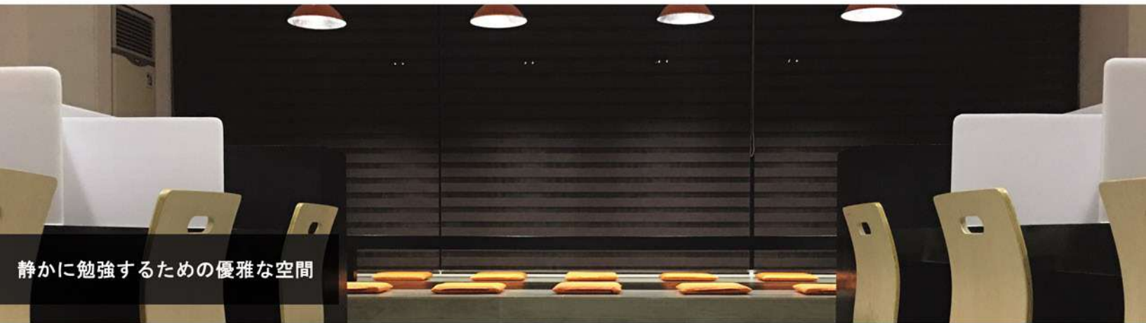
静かに勉強するための優雅な空間
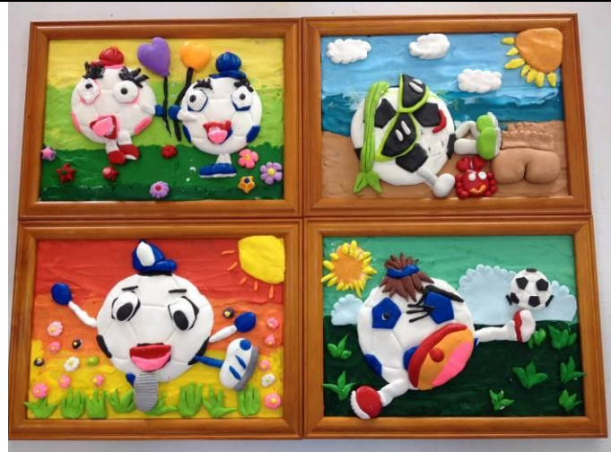
黏土課 (3) 作品
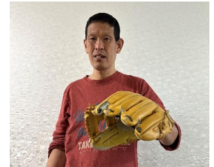
Hさん 趣味:スポーツ

Wさんの趣味はサッカーです。実際にサッカーをする事はもちろん、日本代表の試合を観ることも好まれています。これからも休日にはサッカーを行い、友人と関係性を築いていきましょう。
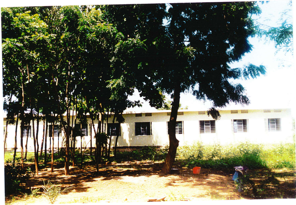
foto 5. Het gerenoveerde schoolgebouw - Achtergevel.
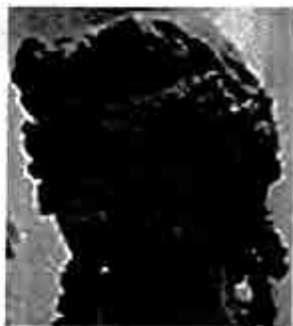
ရိုင်အာနီးဆက်စ်

ခေါမတိုင်းတွင် ရှေးအကျဆုံးမြို့ ဖြစ်သည့် 'သီးဘီးစ်' ဟု ခေါ်သော မြို့ကြီး တစ်မြို့ ရှိသည်။ ထိုမြို့ကြီးကို အသိန်း နတ်ဒေဝီ၏ လမ်းညွှန်စောင်မမှုဖြင့် လူမင်းသား သူရဲကောင်း 'ကက်ဒမက်စ်' (Cadmus) က တည်ဆောက်ခဲ့သည်။
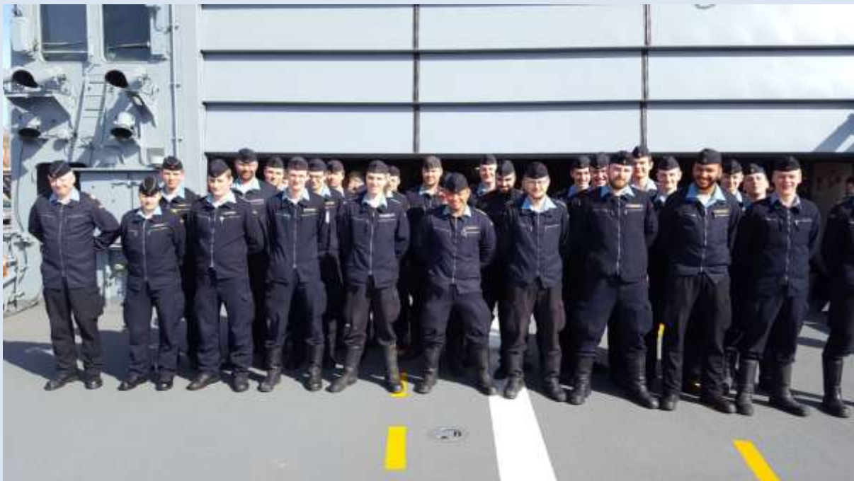
Hauptabschnitt 100 (April 2017)

Den Anfang soll in dieser Ausgabe der Hauptabschnitt 100 machen. Dieser trägt den Titel Nautik und umfasst jegliches Personal, welches für die nautische sowie seemännische Sicherheit der Fregatte LÜBECK verantwortlich ist. Die Männer und Frauen des Hauptabschnitts 100 teilen sich nochmals in zwei Abschnitte auf, zum einen in die Navigation, zum anderen in den Decksdienst.
· · · · · · ·
Exercise: No picture is to be printed. Output exactly the lines above from the line containing "Wさんの趣味はサッカーです。" through the line containing "ရိုင်အာနီးဆက်စ်".

Result of this task:
Wさんの趣味はサッカーです。実際にサッカーをする事はもちろん、日本代表の試合を観ることも好まれています。これからも休日にはサッカーを行い、友人と関係性を築いていきましょう。
foto 5. Het gerenoveerde schoolgebouw - Achtergevel.
ရိုင်အာနီးဆက်စ်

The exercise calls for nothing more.